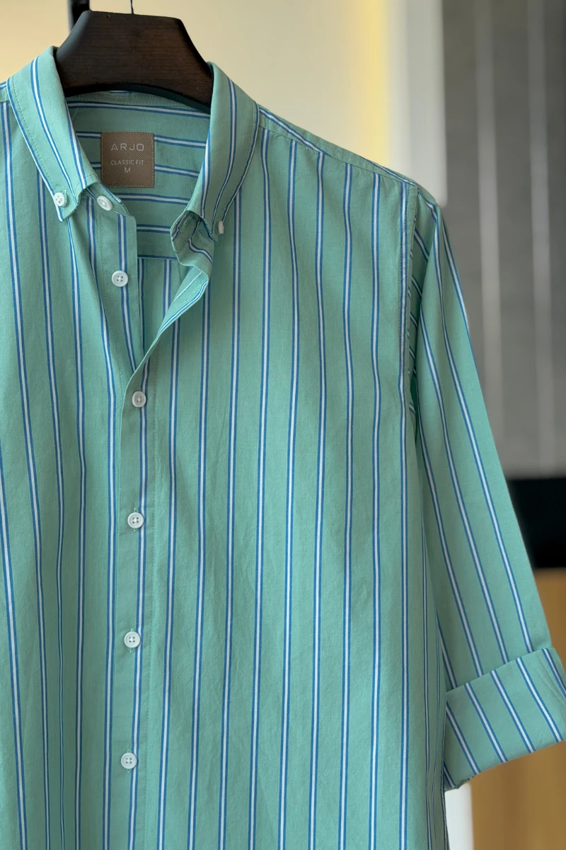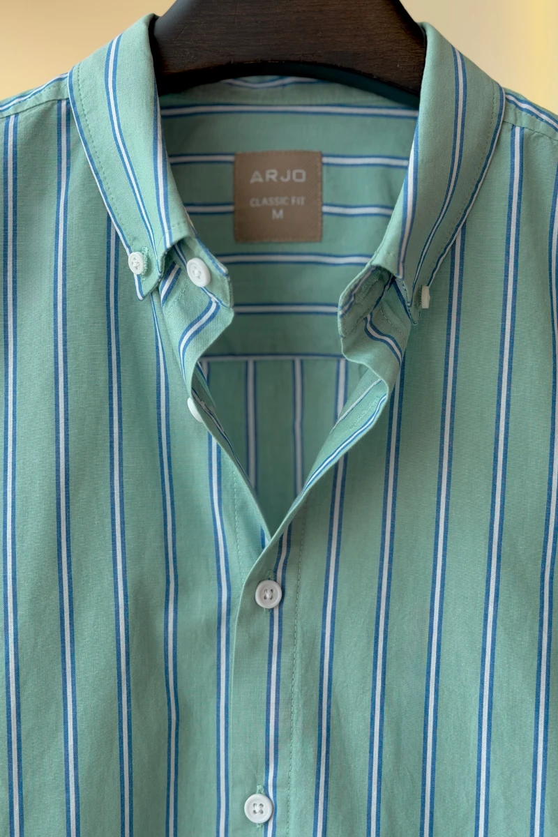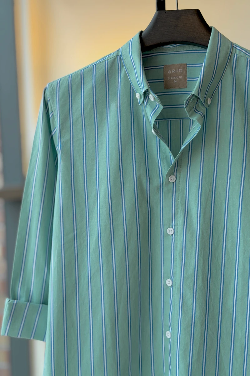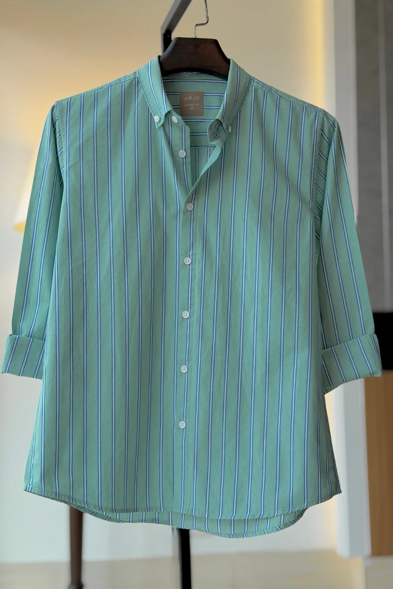 The Sage Green With Blue And White Stripes Shirt from Arjo is the perfect choice for effortless summer style. Crafted for comfort and breathability, this lightweight shirt keeps you cool during warmer days. With its relaxed fit and timeless stripes, it’s ideal for both casual outings and laid-back occasions. If you're looking for premium Full-sleeve shirts for men in BD, this versatile piece is a must-have. Stay stylish and comfortable all season long with Arjo.
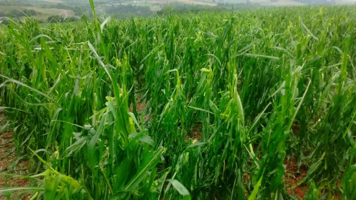 Lavoura de milho danificada com chuvas e queda de granizo em Abelardo Luz (SC)
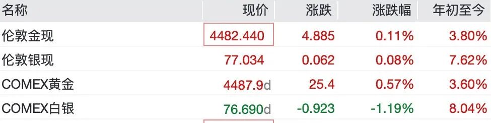 黄金、白银夜盘走势分化,现货黄金小幅收涨,逼近4490美元关口,现货白银持续下挫跌超1.6%,截至北京时间7:00,现货白银由跌转涨重上77美元/盎司上方。
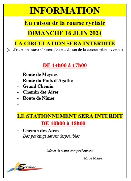 🚫Circulation dimanche 1er juin 🚴 Course cycliste le Grand Prix Sernhacois
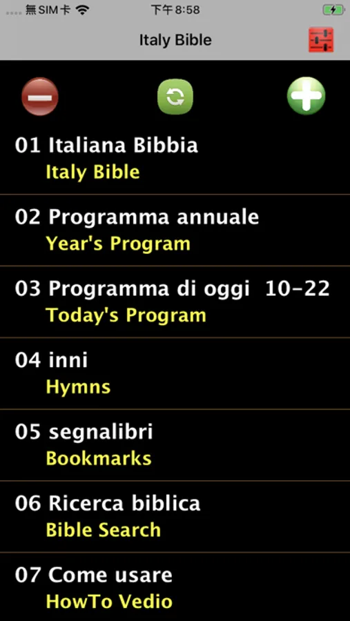 義大利語聖經,有聲聖經,睡眠功能,每日讀經進度,讀經進度。
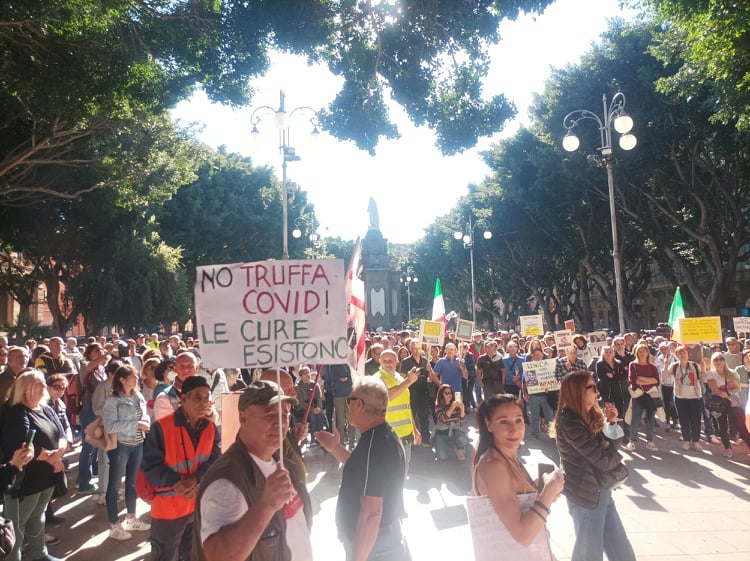 Cartelli contro “il green pass”, la “dittatura sanitaria”, “l’infamia della tessera verde” che è “dittatoriale e disumana”. A Cagliari esplode la protesta dei no green pass nel primo giorno con l’obbligo, in tutta Italia, della certificazione verde per poter lavorare. Più di mille persone si sono ritrovate in piazza del Carmine alla manifestazione organizzata da “Sa Defenza”, “Is pipius no si tocant”, le “partite Iva” e altri gruppi. I cartelli tenuti in mano sono, in gran parte, gli stessi delle altre proteste avvenute negli ultimi mesi. “Siamo contro il green pass, uno strumento dittatoriale e disumano. Lo stesso inventore dei tamponi ha detto che non dovevano essere utilizzati per fare diagnostica. Stanno creando una situazione di invivibilità, ci saranno situazioni difficili da un punto di vista sociale. Invito tutti i lavoratori a mettersi in malattia e non faccia il green pass o il tampone. Vogliamo incontrare l’assessore Mario Nieddu per spiegarli quanto sia errata la politica che stanno facendo sui vaccini, ci deve accogliere. Cambiamo strada e rotta, ci saranno anche proteste, continueremo. Ci auguriamo che oltre ai portuali di Trieste e Genova si uniscano anche quelli di Cagliari”. L’incontro con Nieddu, alla fine, non c’è stato, ma i manifestanti si sono ritrovati lo stesso sotto l’assessorato regionale della Sanità. In piazza presenti tanti giovani, ma anche sessantenni o settantenni. Dal palco improvvisato, sopra una delle panchine, hanno parlato anche insegnanti e studenti: “Non possiamo insegnare e non possiamo fare sport perchè non abbiamo il green pass, non essendo vaccinati. Questa è discriminazione”.

Work task:
Output, exactly and only, the lines beginning with the one that contains "義大利語聖經,有聲聖經,睡眠功能,每日讀經進度,讀經進度。" and ending at the last line of the records above. Drop the pictures.

Task output:
 義大利語聖經,有聲聖經,睡眠功能,每日讀經進度,讀經進度。
 Cartelli contro “il green pass”, la “dittatura sanitaria”, “l’infamia della tessera verde” che è “dittatoriale e disumana”. A Cagliari esplode la protesta dei no green pass nel primo giorno con l’obbligo, in tutta Italia, della certificazione verde per poter lavorare. Più di mille persone si sono ritrovate in piazza del Carmine alla manifestazione organizzata da “Sa Defenza”, “Is pipius no si tocant”, le “partite Iva” e altri gruppi. I cartelli tenuti in mano sono, in gran parte, gli stessi delle altre proteste avvenute negli ultimi mesi. “Siamo contro il green pass, uno strumento dittatoriale e disumano. Lo stesso inventore dei tamponi ha detto che non dovevano essere utilizzati per fare diagnostica. Stanno creando una situazione di invivibilità, ci saranno situazioni difficili da un punto di vista sociale. Invito tutti i lavoratori a mettersi in malattia e non faccia il green pass o il tampone. Vogliamo incontrare l’assessore Mario Nieddu per spiegarli quanto sia errata la politica che stanno facendo sui vaccini, ci deve accogliere. Cambiamo strada e rotta, ci saranno anche proteste, continueremo. Ci auguriamo che oltre ai portuali di Trieste e Genova si uniscano anche quelli di Cagliari”. L’incontro con Nieddu, alla fine, non c’è stato, ma i manifestanti si sono ritrovati lo stesso sotto l’assessorato regionale della Sanità. In piazza presenti tanti giovani, ma anche sessantenni o settantenni. Dal palco improvvisato, sopra una delle panchine, hanno parlato anche insegnanti e studenti: “Non possiamo insegnare e non possiamo fare sport perchè non abbiamo il green pass, non essendo vaccinati. Questa è discriminazione”.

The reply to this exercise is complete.